Hmmm, last thought. Have you considered the economics of selling your 454s to the recreational marine community and installing diesel engines in their place? I have no idea of how many years the pay back would be, or what such a move would do for the value of your boat, but it might well be something to consider.
Fuel can distabilize in 9 months, sure. Next time add a fuel stabilizer to keep it from changing chemically. You might throw in some dry gas (water-eater basically) and see if that helps. As for an additive, if you have fresh high octane fuel I think it has everything it needs. You should also check your fuel filters for water right now.
As for octane booster, the reports (tests) I've read are not encouraging about these products.
I'm driving a 1986 Mercedes Benz E200 with a carburettor engine. 1) How do I improve my fuel efficiency? 2) About 1.5 months ago, I poured in a bottle of STP fuel system cleanser to a full tank of petrol as instructed. But, almost immediately after, my car did not start well in the mornings or after about 5 hours of rest. It would literally crawl along at 20kph until 5 minutes later, when the engine manages to catch on. Before this 5 minutes are up, I can fire my accelerator and the RPM will shoot up, but the engine or the valves do not seem to catch on. I did a conversion calculation later on, and found out that I had probably added too much additive to my tank, i.e. 1 bottle to 21 gallons of fuel. 21 gallons = 79.4 litres. My car's fuel tank is probably 55 - 60 litres. Other than this, the pick up is filled with hesitation and stumbling, and certainly not as smooth and powerful as before. Lately, I've tried starting the car on the Standard mode to get it moving more quickly, than switching it back to economy mode. It seems to help a little. Will this spoil anything? 3) Will this cause my engine, carburettor, and what not to spoil or malfunction? Will it be 'washed' away by usage and fuel top-ups? 4) Can I trust anymore STP additives? Thanks, Elijah,
Not sure what might have happened. Maybe you dislodged some dirt into the carburetor? I'm wondering if your catalytic converter might be mis-behaving. If your car has lots of miles and the catalytic converter has never been changed, this might explain your problems.

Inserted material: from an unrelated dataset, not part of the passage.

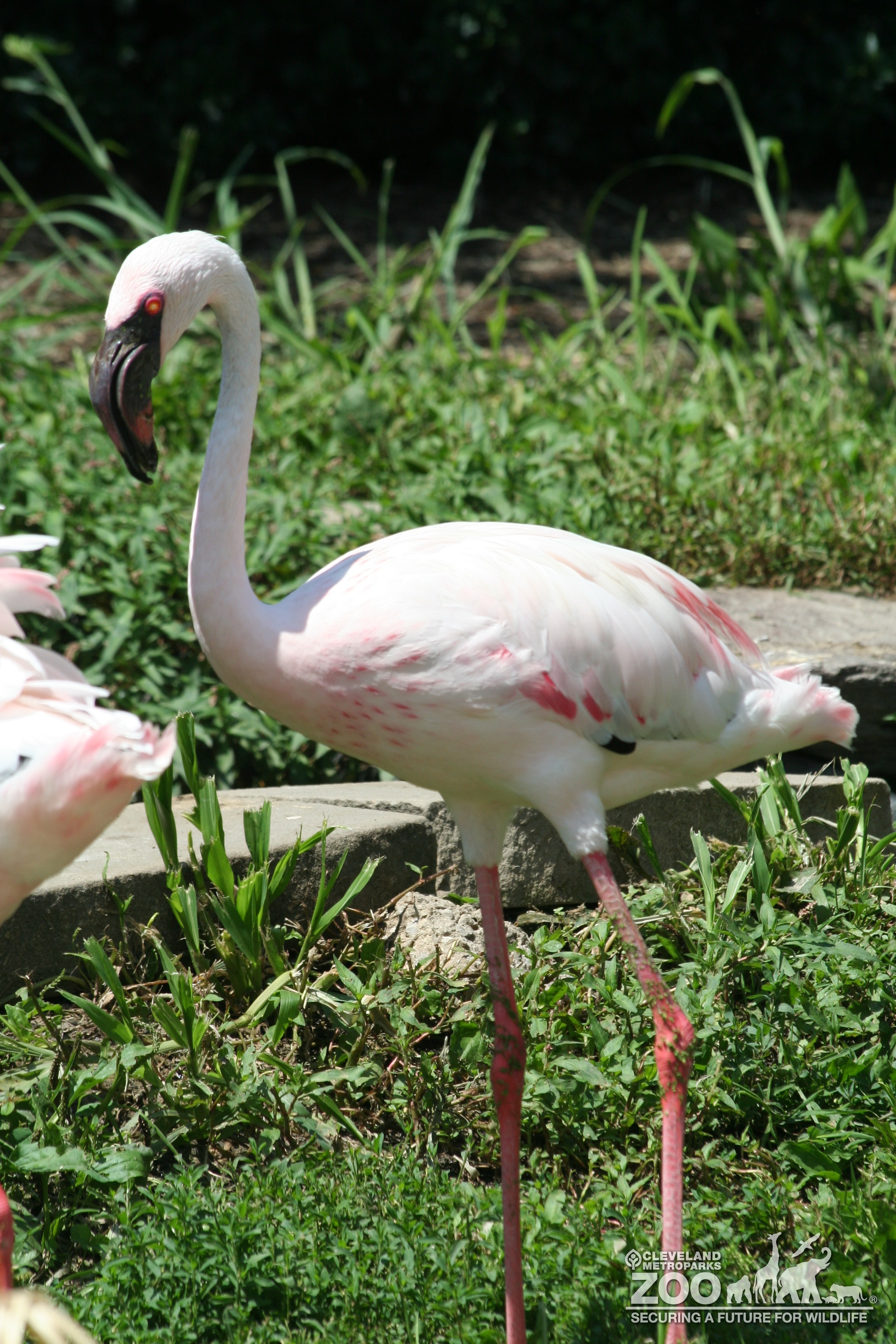 Close up photo of a Chilean Flamingo in grassy area.

It's hard to say with a hands-on diagnostic, but I suspect the STP really isn't the problem here. The stuff you buy over the counter isn't very strong anyway. Might just be a co-incidence. Why not start with simple stuff like checking your spark plugs for fouling and changing out your fuel and air filter.
Yo dude! You are violating the Membership Agreement by hawking your wares here in the Town Hall. Good, bad or otherwise, them's is da rules.
"...and as far as it's claims and guarantees, it does everything the over the counter products do..."
Yup, that's about the only part of that post that I believe. Since OTC products do little if anything good (and are most probably more harm than help), this EnviroBilge stuff should find itself in good company.
As for looking for customers for your stuff, you might want to use the message boards over at http://www.IBelieveAllMarketingClaims.com. Make the correct pitch over there and you should make a killing. :P
PT Barnum would love being alive today with all the ways to scam people out of their hard earned money. Anything that will increase mileage 35% would be bought up and marketed in a legitimate manner. Not by some sleazy pyramid scheme.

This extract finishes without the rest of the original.